The word that comes to mind on the latest Kobe Bryant injury news?
NBA fans are deprived of about 21 chances of what are starting to feel like increasingly finite opportunities to watch Bryant play basketball. Bryant is deprived of the joy he clearly gets from the game. The Lakers could be deprived of roster flexibility if more than a third of their salary cap the next 2½ seasons is devoted to a player who can't stay on the court. And it's looking as if his increasingly fragile body could deprive him of a chance to set the NBA's all-time points mark.
We'll calculate those numbers in a moment, but first, it's natural to wonder about the emotional repercussions, which eventually will dictate whether Bryant wants to stick around long enough to reach the top of the record book.
The torn left Achilles tendon that Bryant suffered in April actually served to renew his will to play.
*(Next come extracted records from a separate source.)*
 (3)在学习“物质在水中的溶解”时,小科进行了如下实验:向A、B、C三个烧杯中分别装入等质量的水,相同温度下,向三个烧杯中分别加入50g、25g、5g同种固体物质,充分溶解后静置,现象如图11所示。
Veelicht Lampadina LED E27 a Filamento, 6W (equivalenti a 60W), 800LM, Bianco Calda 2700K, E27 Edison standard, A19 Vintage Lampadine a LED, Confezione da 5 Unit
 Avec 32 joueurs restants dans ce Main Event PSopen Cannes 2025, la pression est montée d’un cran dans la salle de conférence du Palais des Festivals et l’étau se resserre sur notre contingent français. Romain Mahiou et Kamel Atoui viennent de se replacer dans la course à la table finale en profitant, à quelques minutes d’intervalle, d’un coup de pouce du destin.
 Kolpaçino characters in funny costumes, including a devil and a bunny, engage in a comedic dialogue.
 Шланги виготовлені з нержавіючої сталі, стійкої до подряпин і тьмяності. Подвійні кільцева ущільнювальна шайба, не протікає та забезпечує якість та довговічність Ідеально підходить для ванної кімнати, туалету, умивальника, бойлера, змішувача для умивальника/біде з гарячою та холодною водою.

At a time when he was wondering if he could keep pushing himself to maintain his high standards, the major injury provided all the incentive he needed. He'd show everyone who doubted him that he could come back and play as well as ever. Surgery the next day, rehab as soon as the swelling went down. Every perceived slight simply meant more reps.
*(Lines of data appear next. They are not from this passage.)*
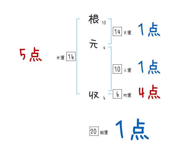 外運![]() | 根元収さんの外運は16画の5つ星!人望が厚く大きく発展する。逆転成功が見える。 生活面を象徴する運勢です。外部から受ける影響力を表し、結婚運、家庭運や職場、環境への順応性を表します。 |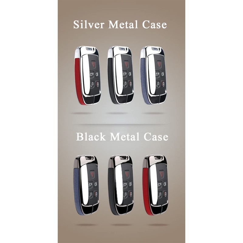 SANRILY Keyless Key Cover for Land Rover LR4 for Jaguar XF Metal Leather Key Protector Case Shell Fit for Range Rover Discovery Sport Black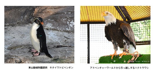 アドベンチャーワールド(和歌山県白浜町)からハクトウワシ(メス)1羽が東山動植物園(愛知県名古屋市)へ引っ越しすることが決まりましたので、お知らせいたします。同時に東山動植物園からキタイワトビペンギン(メス)1羽が当パークの群れに仲間入りし、どちらの種も将来の繁殖を目指してまいります。今後も、動物たちのいのちが未来へとつながっていくよう、取り組みを続けてまいります。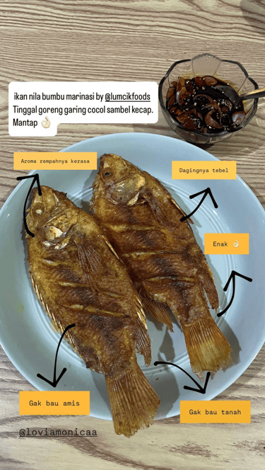 Ikan nila bumbu marinasi by @lumcikfoods tinggal goreng garing cocol sambel kecap. Mantap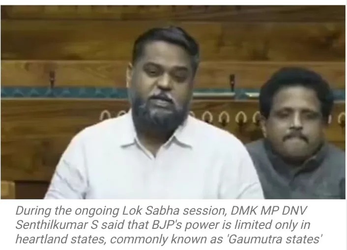 New Delhi, A storm of controversy erupted in the Lok Sabha as DMK MP DNV Senthilkumar S referred to Hindi-speaking states as ‘Gaumutra states’ following BJP’s landslide victory in Rajasthan, Madhya Pradesh, and Chhattisgarh. The remarks drew criticism from various political quarters.

He came back inside the six-to-nine-month window that was projected, and managed to score at least 20 points three times in six games -- in addition to a 13-assist night the first time he was asked to fill in at point guard.
Then came Thursday's news that he would be out another six weeks with a broken bone in the kneecap of that same left leg, and with it came a whole new set of issues and challenges. At some point the injuries will stop being motivational tools and start to become deterrents. They could even force Bryant to come to terms with a word that I wonder if he's ever said to himself: impossible.
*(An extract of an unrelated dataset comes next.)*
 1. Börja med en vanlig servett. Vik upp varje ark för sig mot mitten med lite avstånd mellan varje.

Let's do the math. If Bryant comes back in exactly six weeks there will be 36 games left in the Lakers' season. If he plays all of those, and every game in the two seasons remaining on his contract, he'll have 200 games left to score the 6,688 points he needs to surpass Kareem Abdul-Jabbar.
Abdul-Jabbar wore No. 33, and that's the number of points per game Bryant would need to average to get there -- 33.44 points, to be precise. Kobe hasn't scored 30 points a game since the 2006-07 season, when he averaged 31.6. If Bryant came back for an additional full season it would drop his scoring requirement from now through 2016-17 to 23.7 points per game.
When Bryant sat down with the TV crew before ESPN's broadcast of the Lakers-Thunder game last week, Jeff Van Gundy asked if Bryant would add years to his career just to chase Abdul-Jabbar's record. Bryant said he wouldn't because he didn't set Abdul-Jabbar's record as one of his goals when he first got into the game, so it's not something that would drive him as he neared the end.